Well, the basic idea “adding more safeguards decreases the likelihood they’ll all fail simultaneously, as long as there isn’t a perfect correlation of failure modes” is a simple mathematical fact. “What is the probability of this safeguard failing to detect a rogue AI?” is hard to answer, but “What might this new safeguard do that the other safeguards don’t do?” is easier.
For example. If interpretability work gets anywhere, then one might imagine a suite of safeguards that check for parts of the developing neural net that compute things like “how to detect security holes in C or machine code” or “how quickly humans die to certain poisons” (when that’s not supposed to be the goal); safeguards that check for parts of the net that have many nodes and are not understandable by the other safeguards; safeguards that inspect the usage of CPU or other resources and have some idea of what’s usual; safeguards that try to look for the net thinking strategically about what resource usage looks natural; and so on.
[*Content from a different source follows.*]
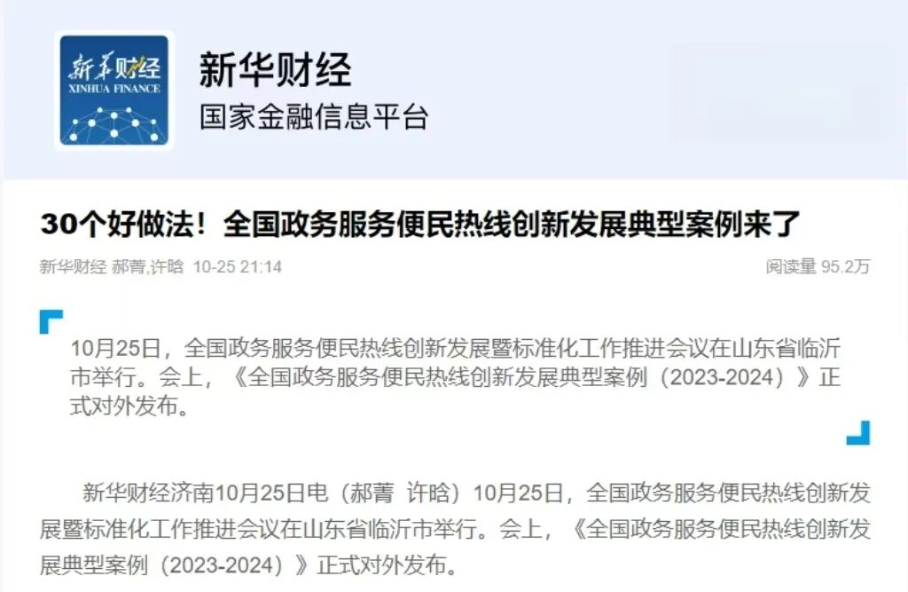 据了解,本次推进会议由新华社中国经济信息社、全国行政管理和服务标准化技术委员会共同主办,在案例征集阶段,新华数字政府研究中心共收到来自20余个省、近200多个市(县、区)共计300余份案例。经过权威专家开展多轮评审,最终聚焦制度创新、标准建设、企业服务、数据分析、智能应用、特色创新六大领域,选取了30个案例编写形成《全国政务服务便民热线创新发展典型案例(2023-2024)》。

These safeguards might all suck / only work in a small fraction of cases, but if you have hundreds or thousands of them, then your odds might get decent.
Or, at least, you might push the correlated failure mode into “the AI has guessed that we have a bunch of safeguards, has imagined the set of safeguards people at our level of competence are likely to have come up with, and is strategically avoiding them”, in which case that strategic thinking is a thing you try to detect. (It would be nice if we ended up being able to prove that the strategic thinking to defeat all our “dangerous thinking detectors” required at least N neurons, and we were able to prune down all nets to the point where less than N not-understood neurons existed.) And—as stated, each of these safeguards might be implemented with the assistance of prior AIs in various ways.
What exactly are you objecting to? Your original post seems to be saying “the entire category of strategies that involves one AI saving us from another is dangerous, doomed, and should be dismissed as ridiculous”, but you don’t seem to be pushing back on my claims that you can cut off Godzilla’s limbs and tie his jaws around Mega-Godzilla’s neck and that the result is net positive. Were you arguing against much more reckless proposals, or people being overconfident in unspecified proposals, or...? The possibility occurs to me that the OP is intentionally overstated in the hopes of provoking a well-thought-out proposal (it did say it anticipated much discussion), along the lines of Cunningham’s Law.
I am mostly objecting to strategies which posit one AI saving us from another as the primary mechanism of alignment—for instance, most of the strategies in 11 Proposals. If we had sufficiently great interpretability, then sure, we could maybe leverage that to make a Godzilla strategy with a decent chance of working (or at least failing in detectable-in-advance ways), but with interpretability tools that good we could probably just make a plan without Godzilla have a decent chance of working (or at least failing in detectable-in-advance ways) by doing basically the same things minus Godzilla. It’s the interpretability tools which take that plan from “close to zero chance of working” to “close to 100% chance of working”; the interpretability is where all the robustness comes from. The Godzilla part adds relatively little and is plausibly net negative (due to making the ML components more complex and brittle).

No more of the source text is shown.